What Portland and Oregon really lack is any prominent and influential public health specialist or politician publicly making the case for data-driven, pragmatic risk tolerance to factor into policy decisions on outdoor events in particular. (One exception: Last summer’s protests in support of the Black Lives Matter movement, which drew thousands of people to downtown Portland at its peak. Mask-wearing, but not distancing, was prevalent, and Multnomah County health officials have said there were no outbreaks linked to the events.)
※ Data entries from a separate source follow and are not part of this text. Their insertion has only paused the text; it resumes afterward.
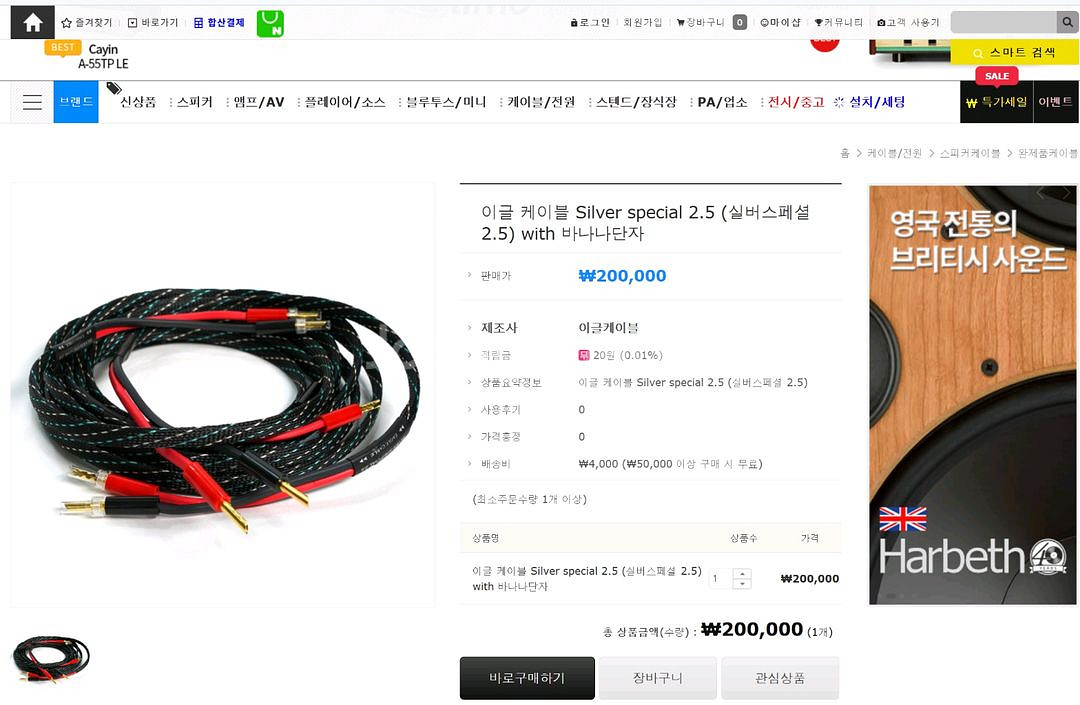 독일 이글케이블사의 실버스페셜 2.5 스피커 케이블 3미터 페어입니다. 단자는 양쪽 모두 바나나 플러그입니다. 고역의 선명도에 강점이 있는 은도금선이며 같은 독일 제조사인 엘락 스피커 상위기종의 배선재로 사용되어 입소문을 타기도 했습니다. 케이블이 이것저것 많아서 한번 물려보고 보관만 한 신품상태라 단자도 기스 없이 깨끗합니다. 택배/반택 모두 되고 직거래는 안양 평촌에서 가능합니다.
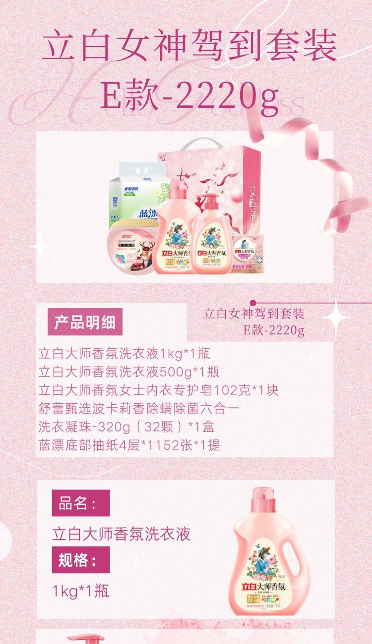 配置: 立白大师香氛洗衣液1kg*1瓶 立白大师香氛洗衣液500g*1瓶 立白大师香氛女士内衣专护皂102克*1块 舒蕾甄选波卡莉香除螨除 菌六合一洗衣凝珠-320g(32颗)*1盒 蓝漂底部抽纸4层*1152张*1提 核心卖点: 可选产品丰富多样,礼箱随心组合,多种价位因需而定,充分满足各种送礼需求,是商务送礼、单位福利的用心之选。
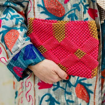 This beautifully handwoven macramé clutch blends texture, craftsmanship, and purpose. Featuring a rich pink and caramel diamond pattern, each clutch is meticulously crafted by women in Rahab's Rope stitching center, making every piece one of a kind. A soft, colorful fabric lining adds a joyful contrast, while the wristlet strap offers easy, on-the-go wear. Perfect for everyday essentials or special occasions, this clutch is both timeless and meaningful designed to elevate your look while supporting dignified employment. Details: Handwoven macramé exterior Colorful fabric lining Each piece is handmade; slight variations make every clutch unique Measurements (approximate) Width: 10" Height: 7" 19" removable chain strap • Warm golden brass finish • Lightweight and durable • Designed for hands-free wear Care Spot clean only. Lay flat to dry.
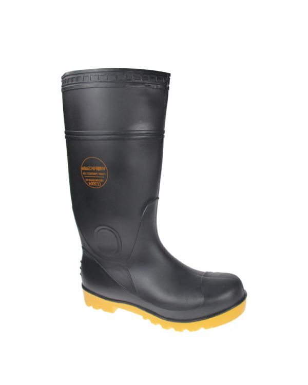 รองเท้าบูทพีวีซี เสริมหัวเหล็กและพื้นเหล็ก ลดการเสียดสีต่อผิวหนัง สวมใส่ได้ยาวนาน โดยไม่ปวดเท้า ช่วยถนอม บริเวณเท้าของผู้สวมใส่
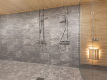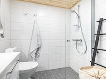 Pesutilojen varusteet: WC-istuin, suihku, suihkuseinä, pesukoneliitäntä, lattialämmitys, peilikaappi, pesuallas ja allaskaappi.
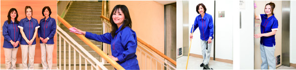 清掃作業時には身体全体を動かし色んな所に負荷が掛かります、しゃがんだり、膝をついたりと生地のストレッチ性はもちろん生地が丈夫であることも必要です。ネームループやカードキー、鍵などの収納が必要な為機能性も大事なポイントです。
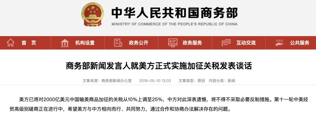 美方已将2000亿美元中国输美商品的关税从10%上调至25%,中方对此深表遗憾,将不得不采取必要反制措施。第十一轮中美经贸高级别磋商正在进行中,希望美方与中方相向而行、共同努力,通过合作和协商办法解决存在的问题。
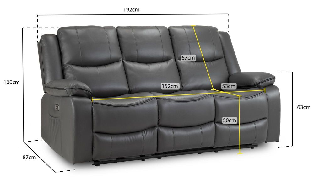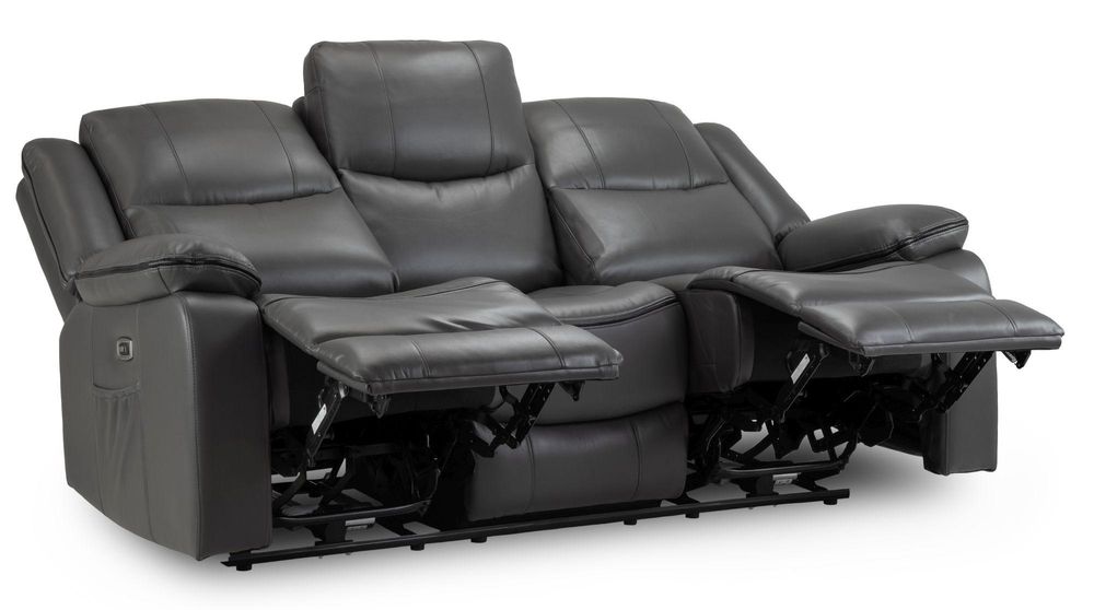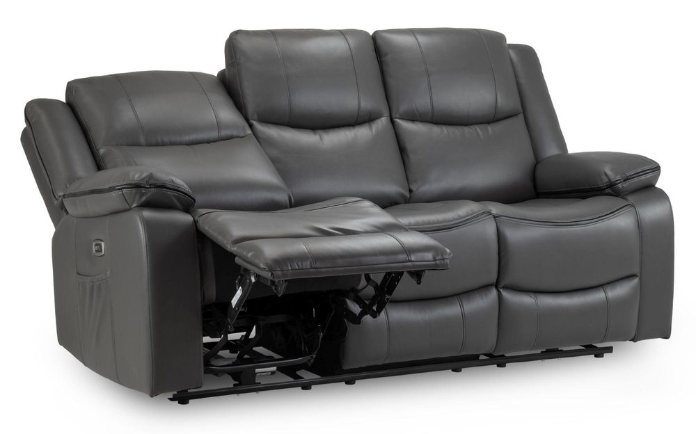 Harald Electric Recliner Sofa - Grey Faux Leather - 3 Seater
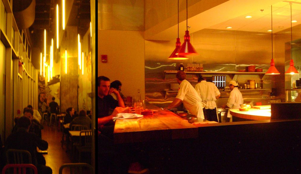 The restaurant / bar is located in the heart of Kendall Square in Cambridge and joins a handful of other new dining establishments in the area.  Local media has joked that Firebrand Saints is marketing itself to MIT, Mensa-types, and FBS plays this up with cheeky touches like bathroom signage written in Japanese, reminding employees to wash their hands.  The bar must have 20 outlets for one to charge your phone, tablet or laptop, and there is plenty of visual stimuli to keep even a dull date going with the ever changing LED programmed words racing behind the bar and distracting wall projections.
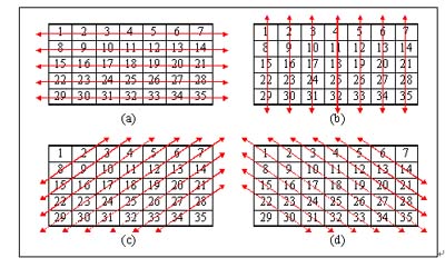 以對(duì)數(shù)據(jù)的位置重新排列方法,如圖1.1所示,假設(shè)其中的一個(gè)子圖皆為一張檔案大小5*7的圖文件,則在”位置重新排列”的方法中,其先對(duì)檔案數(shù)據(jù)作左右方向位置的調(diào)換,如圖1.1(a);再將經(jīng)過(guò)左右方向轉(zhuǎn)換的檔案數(shù)據(jù),作上下方向位置的調(diào)換,如圖1.1(b);再將經(jīng)過(guò)左右方向與上下方向轉(zhuǎn)換的檔案數(shù)據(jù),作右上左下方向位置的調(diào)換,如圖1.1(c);最后在將經(jīng)過(guò)前三個(gè)方向轉(zhuǎn)換的檔案數(shù)據(jù),作左上右下方向位置的調(diào)換,如圖1.1(d)。因此,其對(duì)于每一張圖檔都在四種方位上對(duì)數(shù)據(jù)作位置上的對(duì)調(diào),如此才完成一張圖檔的加密過(guò)程。并且在任何一個(gè)方向上,對(duì)數(shù)據(jù)作轉(zhuǎn)換的方向與點(diǎn)數(shù)都是不固定的,其完全依照隨機(jī)的方式,并有產(chǎn)生隨機(jī)方向與點(diǎn)數(shù)的機(jī)制。此種方法,僅針對(duì)檔案中的數(shù)據(jù)調(diào)換位置,即將數(shù)據(jù)位置作重新排列,此舉并不會(huì)改變到檔案中每一個(gè)數(shù)據(jù)內(nèi)容的值。
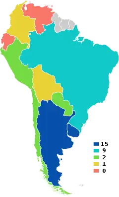 Map of CONMEBOL members, by their Copa América title number (as of 2021)
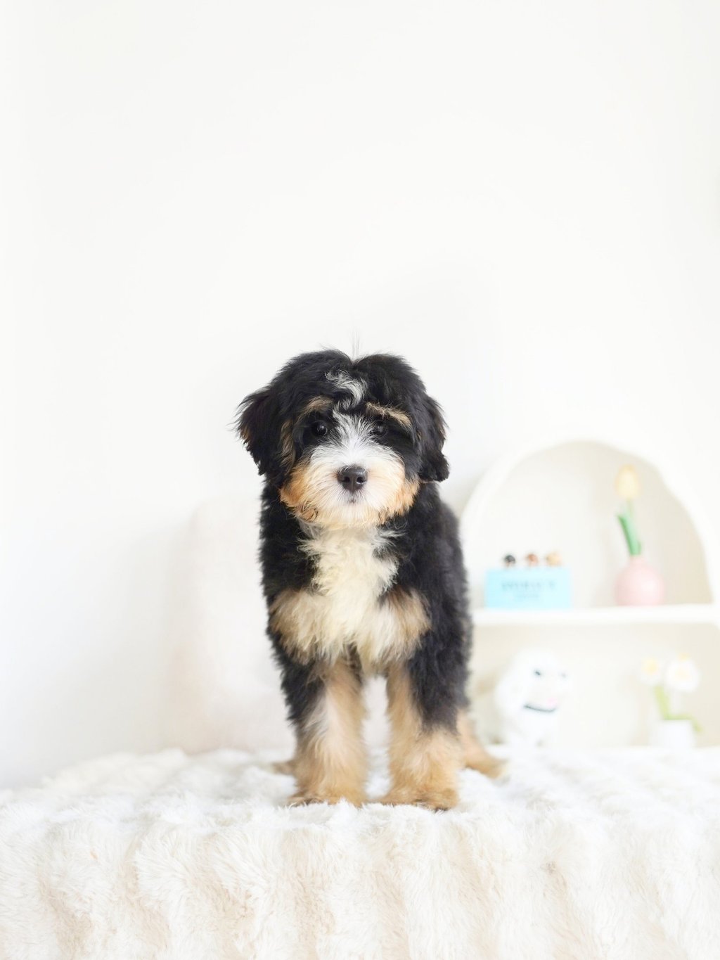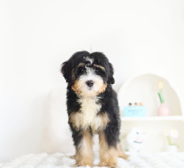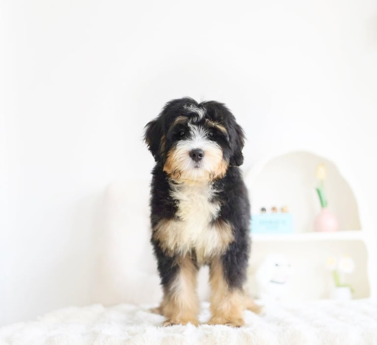 Coat: Bernedoodles often have wavy or curly coats that are low-shedding, making them a good choice for people with allergies. Their coats can come in various colors, including black, white, brown, and a combination of these, often resulting in a tricolor pattern that is characteristic of the Bernese Mountain Dog.

Meanwhile, in Massachusetts, a consortium of researchers from Harvard, Tufts, and MIT campaigned for months for open public schools; this spring, the state’s governor ordered all public schools to open full-time, five days a week. In New York City, Mayor Bill de Blasio ordered 80,000 city employees to return to their offices by early May, citing the need to “send a powerful message about the city moving forward.” And in Texas, officials are forging ahead with plans for the annual Texas State Fair, after the deep red state vastly loosened restrictions this spring, and, with an aggressive vaccination campaign open to all over 16 since the end of March, saw its case numbers and deaths continue to plummet.
It’s all a very different message than the one that prevails here, and some are left wondering why.
“I don’t think Oregonians are able to assess risk appropriately at this point,” says Michele Babaie, a Portland-based internal medicine specialist, who has advocated for school buildings to reopen. “COVID is serious, but life is risky. Being outdoors, distanced, in a city with such low numbers, that’s extremely low risk. It’s probably riskier driving to the event than being there.”